Semantic clustering fits into the Gold refinement stage:

🥉 Bronze  →  🥈 Silver  →  🥇 Gold
 (Raw)        (Weighted)    (Coded + Weighted)
  • Input: Bronze (raw) or Silver (weighted) dataset
  • Output: Gold dataset with original data + indicator columns
  • Weights preserved: If coding a Silver dataset, the _weight column carries through
  • Export: Gold datasets export to CSV, Excel, SPSS, or Parquet with full variable labels

Designing Surveys for Clustering

QML Textarea Control

Open-ended questions use the Textarea control in QML:

- id: q_feedback
  kind: Question
  title: "What could we improve?"
  input:
    control: Textarea
    placeholder: "Share your suggestions..."
    maxLength: 1000

Best Practices

  • Ask focused questions: "What do you like most?" produces more clusterable responses than "Any comments?"
  • Use multiple open-ended questions: Each targets a different aspect (likes, dislikes, use cases)
  • Set reasonable maxLength: 500-1000 characters encourages substantive responses
  • Combine with structured questions: Demographics and rating scales enable cross-tabulation with discovered themes
  • Plan for sample size: Aim for 30+ responses per open-ended question for meaningful clusters

Configuration Reference

Parameter Default Description
labeling_method "tfidf" Cluster labeling strategy: "tfidf" or "llm"
min_cluster_size 5 Minimum responses to form a cluster
similarity_threshold 0.65 Cosine similarity threshold for theme assignment
multi_label true Allow responses to match multiple themes

Tuning Tips

  • Low cluster count? Decrease min_cluster_size (try 3-4)
  • Too many small clusters? Increase min_cluster_size (try 8-10)
  • Responses assigned to too many themes? Increase similarity_threshold (try 0.75)
  • Most responses unclustered? Decrease similarity_threshold (try 0.50) or check if responses are too short/diverse

Troubleshooting

"No Textarea columns found" The dataset's source questionnaire has no Textarea controls. Use structured controls (Radio, Slider) for quantitative questions and Textarea for open-ended ones.

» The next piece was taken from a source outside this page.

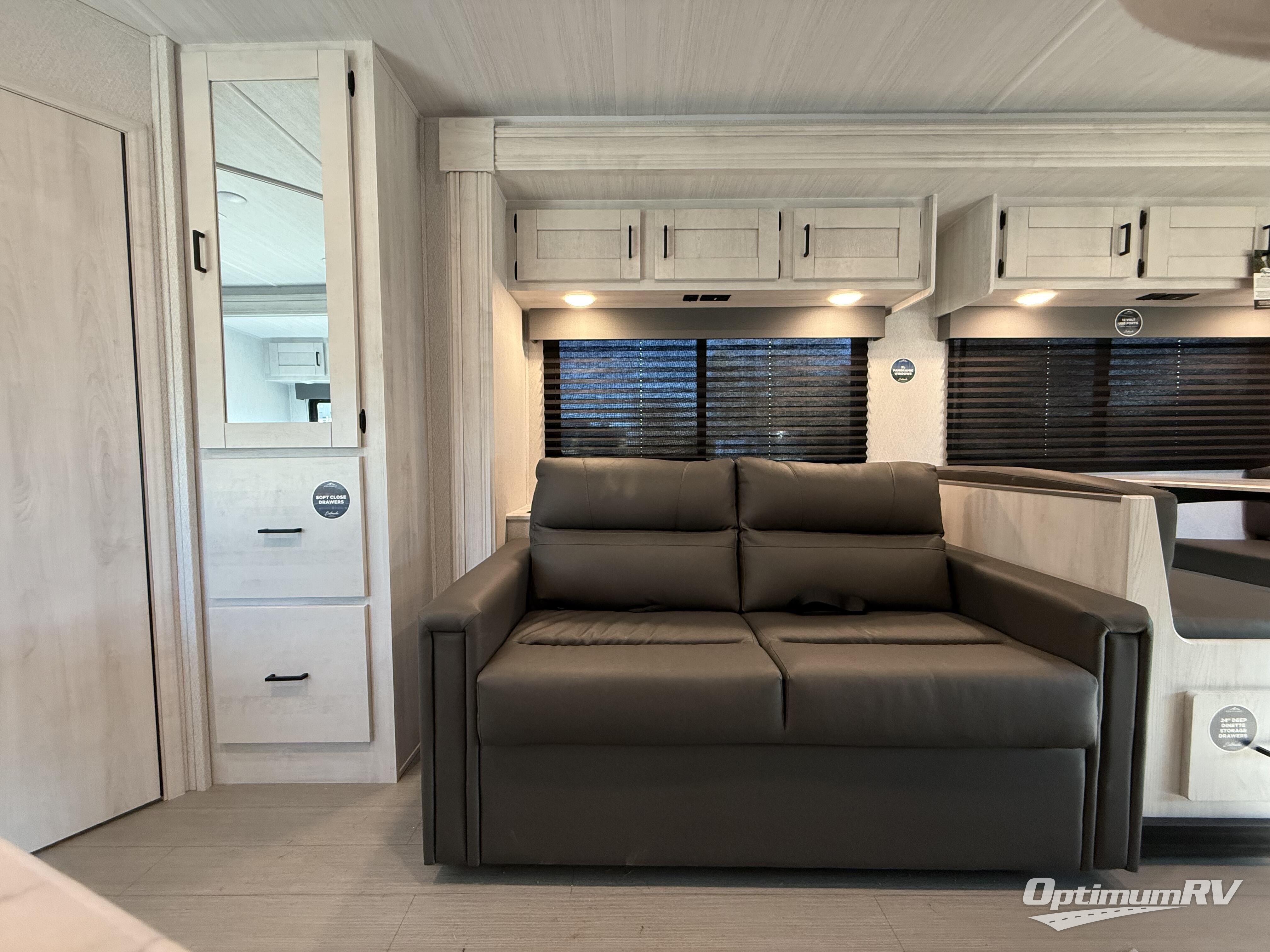 You can explore and discover so many new destinations with this Entrada Class C gas motorhome! The first thing that you'll notice about this coach is that it has extra interior living space because of the two slides. One of those slides holds the queen-size bed back in the private bedroom, and the bedroom is sectioned off from the rest of the coach with an accordion door. The full bathroom is right next to the bedroom so that you can quickly and effortlessly hop in the shower each morning. Outside of the bathroom, you'll find a linen closet which can hold your towels or toiletries, and the kitchen pantry can hold your snacks. This coach even has an LED TV for inside entertainment, so you can sit back on the sofa or booth dinette and watch with pleasure.

Too few clusters discovered HDBSCAN requires sufficient density. Ensure at least 30 text responses and that the question elicits varied answers.

Embedding service unavailable The Ollama service with bge-m3 model must be running. Check service health on the monitoring dashboard.

LLM labeling fails If using labeling_method="llm", the inference model must be available. Fall back to "tfidf" which runs locally without external dependencies.